= Assignment =
Return the data below exactly, minus the pictures.

= Raw data =
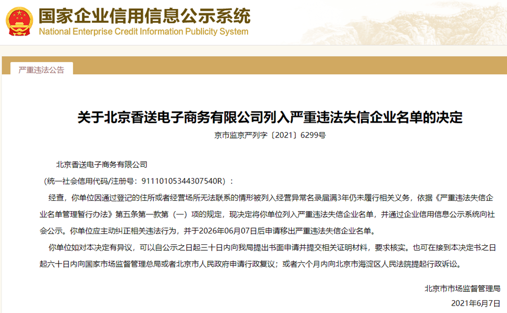 中國質(zhì)量新聞網(wǎng)訊 從國家企業(yè)信用信息公示系統(tǒng)獲悉,2021年6月7日,北京市市場監(jiān)督管理局發(fā)布關(guān)于北京香送電子商務(wù)有限公司列入嚴(yán)重違法失信企業(yè)名單的決定(京市監(jiān)京嚴(yán)列字〔2021〕6299號)。
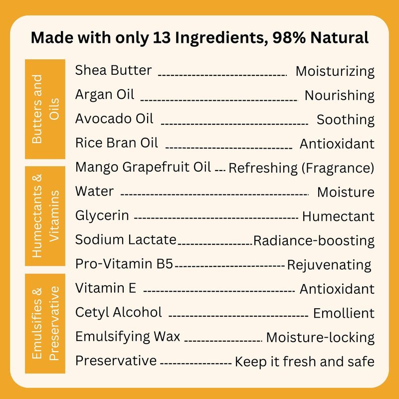 - 💡 No Surprises, Ingredients (in order of usage): Water, Shea Butter, Emulsifying Wax NF, Argan Oil, Avocado Oil, Rice Bran Oil, Glycerine, Sodium Lactate, Pro-vitamin B5, Preservative (Phenoxyethanol and Caprylyl Glycol), Cetyl Alcohol, Vitamin E (Tocopherol), Mango-Grapefruit Natural oil
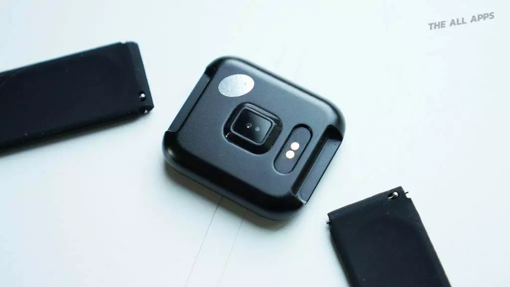 ด้านหลังมีเซ็นเซอร์วัดอัตราการเต้นของหัวใจวางอยู่ตรงกลางของตัวเรือน ซึ่งจะทำการวัดอัตราการเต้นของหัวใจตลอดทั้งวัน ด้านบนเป็นจุดทองเหลือง 2 จุด สำหรับชาร์จไฟ ซึ่งต้องใช้ที่ชาร์จที่มาในชุดจัดจำหน่ายเท่านั้น และตัวสายสามารถถอดเปลี่ยนได้ง่าย เพียงแค่ดึงสลักออกมาก็เปลี่ยนได้แล้ว

= Your response =
 中國質(zhì)量新聞網(wǎng)訊 從國家企業(yè)信用信息公示系統(tǒng)獲悉,2021年6月7日,北京市市場監(jiān)督管理局發(fā)布關(guān)于北京香送電子商務(wù)有限公司列入嚴(yán)重違法失信企業(yè)名單的決定(京市監(jiān)京嚴(yán)列字〔2021〕6299號)。
 - 💡 No Surprises, Ingredients (in order of usage): Water, Shea Butter, Emulsifying Wax NF, Argan Oil, Avocado Oil, Rice Bran Oil, Glycerine, Sodium Lactate, Pro-vitamin B5, Preservative (Phenoxyethanol and Caprylyl Glycol), Cetyl Alcohol, Vitamin E (Tocopherol), Mango-Grapefruit Natural oil
 ด้านหลังมีเซ็นเซอร์วัดอัตราการเต้นของหัวใจวางอยู่ตรงกลางของตัวเรือน ซึ่งจะทำการวัดอัตราการเต้นของหัวใจตลอดทั้งวัน ด้านบนเป็นจุดทองเหลือง 2 จุด สำหรับชาร์จไฟ ซึ่งต้องใช้ที่ชาร์จที่มาในชุดจัดจำหน่ายเท่านั้น และตัวสายสามารถถอดเปลี่ยนได้ง่าย เพียงแค่ดึงสลักออกมาก็เปลี่ยนได้แล้ว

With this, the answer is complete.